If you've ever watched what happens to a suspension under load, you probably know instinctively that the specifications BMW supplies for camber, caster, and toe must be taken at a certain reference point. That reference point is the height of the fender well above the ground, which implies a specific degree of compression in the suspension. That, in turn, is set by loading the vehicle with lead weight, sandbags, dead hookers, old batteries, or whatever else might be lying around.
After Don loaded the vehicle appropriately, he raised it to chest height to install and calibrate each wheel sensor. Then he raised the vehicle as required to loosen the RTAB consoles and tie rod adjustment stop-nuts, at which point I took the opportunity to take a picture of the completed rear suspension overhaul I could not achieve with the vehicle on jack stands due to the limited sight distance.
My picture taking session was soon interrupted by Don muttering obscenities. The stop-nuts were frozen on both sides and no amount of penetrating fluid seemed to make a difference. So Don asked his tech to bring over the big guns -- an oxyacetylene torch. If you work on cars long enough you learn the law of maintenance: what cannot be fixed with a hammer can often be addressed with a bigger hammer, and failing that, heat. While Don grabbed the adjustment flats on the tie rod, his tech applied the flame to the area around the stop nuts. This caused the penetrating fluid to turn to flame, smoke and steam, and that ultimately dissolved the rust and freed the nuts. The car was then lowered onto some stands equipped with turntables to begin the adjustment process.
At this point, I got to take a look at the "before" alignment of the rear. Surprisingly, what I thought was a safe "toe in" estimate turned out to be about -0.3 degrees of toe (toe OUT) on each side. While the rear felt "locked down" in a way I hadn't experienced in years, this explains why it felt "eager" to turn in an unsettling way. As with all alignment specifications, there is an acceptable range of values, and BMW's minimum toe value is +0.05 degrees. Translated: no toe out. Of course, we're only talking fractions of a degree, but the point to take home here is that it doesn't take much to change the character of the vehicle.
The spec for rear camber on the sport package suspension is -2.3 degrees. Higher amounts of negative camber will help keep the rear locked down (lessen oversteer) at the expense of increased tire wear on the inside edge. I think BMW takes that to an extreme so we dialed a bit of camber out and left it at around -1.85 degrees. Toe is nothing to play with, however, so after using a screwdriver to nudge the RTAB consoles into spec he snugged those down and moved on to the front.

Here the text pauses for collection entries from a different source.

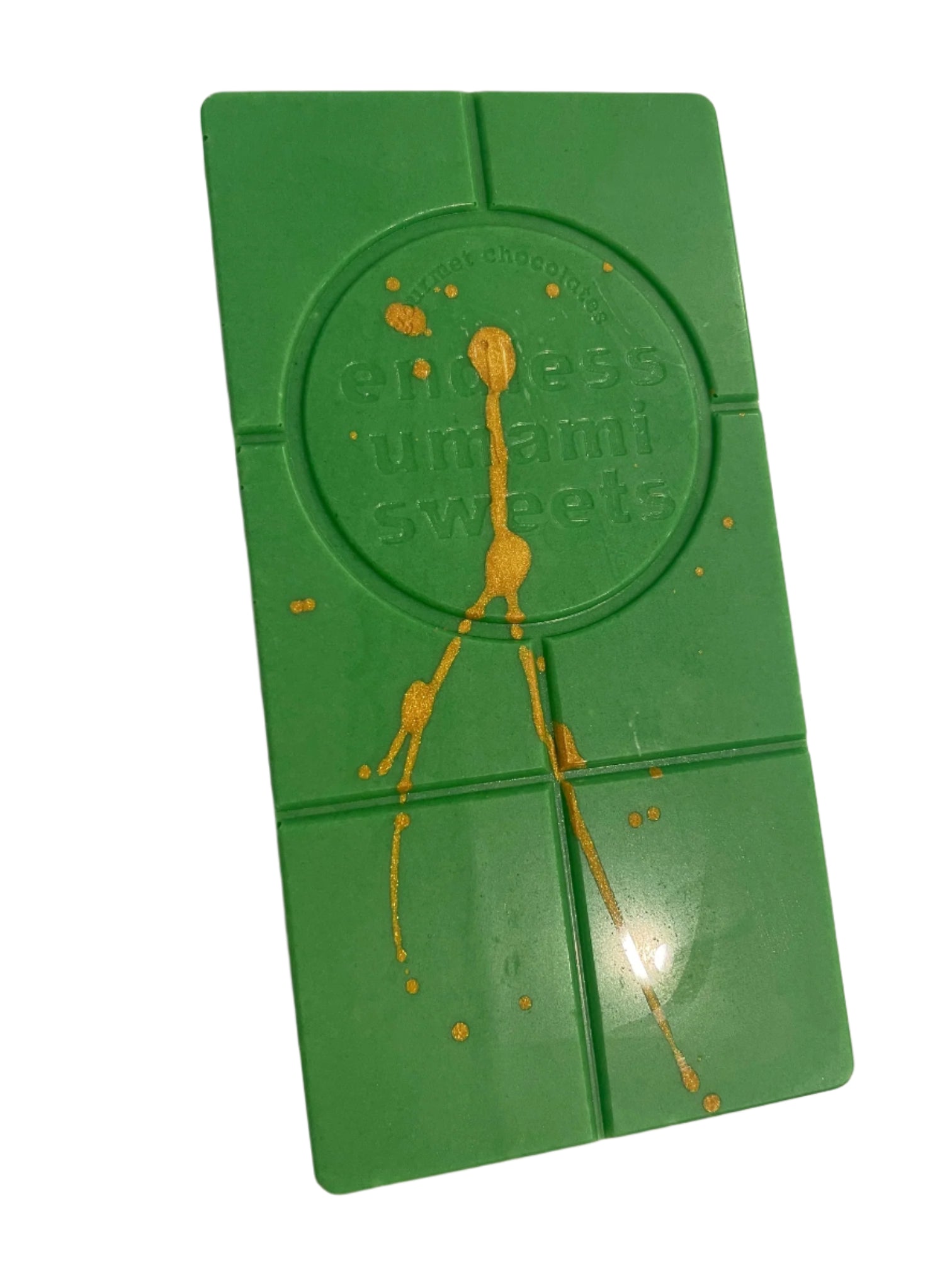 Creamy white chocolate infused with the unique, aromatic flavor of pandan, an Asian plant known for its coconut-vanilla essence. Paired with toasted coconut, rich cookie butter, and kunafeh, this bar is a tropical-inspired treat with a delightful crunch!
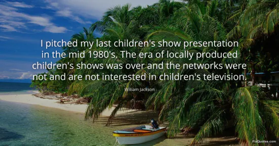 Jackson, William. (2026, January 17). I pitched my last children's show presentation in the mid 1980's. The era of locally produced children's shows was over and the networks were not and are not interested in children's television. FixQuotes. https://fixquotes.com/quotes/i-pitched-my-last-childrens-show-presentation-in-65730/
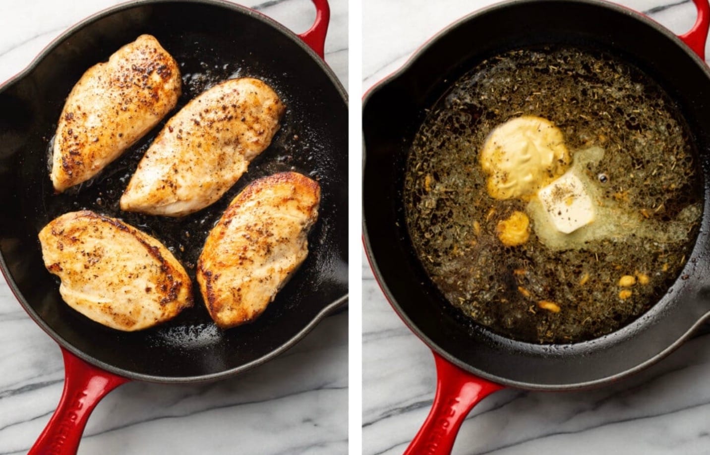 Remember to cut the chicken breasts in half to make 4 thinner pieces. This helps them cook faster and more evenly. You’ll use the butter in two parts – some for cooking the chicken and the rest for the sauce.

The perk about the rear end of the E36 is that it's adjustable to a small extent in both camber and toe. The stock front end, however, is only adjustable in toe. Caster and camber are fixed and based on the structure of the shock towers and the other suspension components. If one's intent is to maintain stock suspension geometry that doesn't sound like a big deal until you realize that the strut towers bend over time and don't always take kindly to the pounding of potholes. As it turns out, my right side caster is just out of specification and, perhaps more importantly, differs from the left by about 0.12 degrees. Camber is within spec on both sides, but different side to side as well.
How much these discrepancies affect the real-world handling of the vehicle is up for grabs, but the only way to fix them is to use caster/camber plates to make both caster and camber adjustable. The anal retentive German in me suggests that this might be something to address in the upcoming front end overhaul.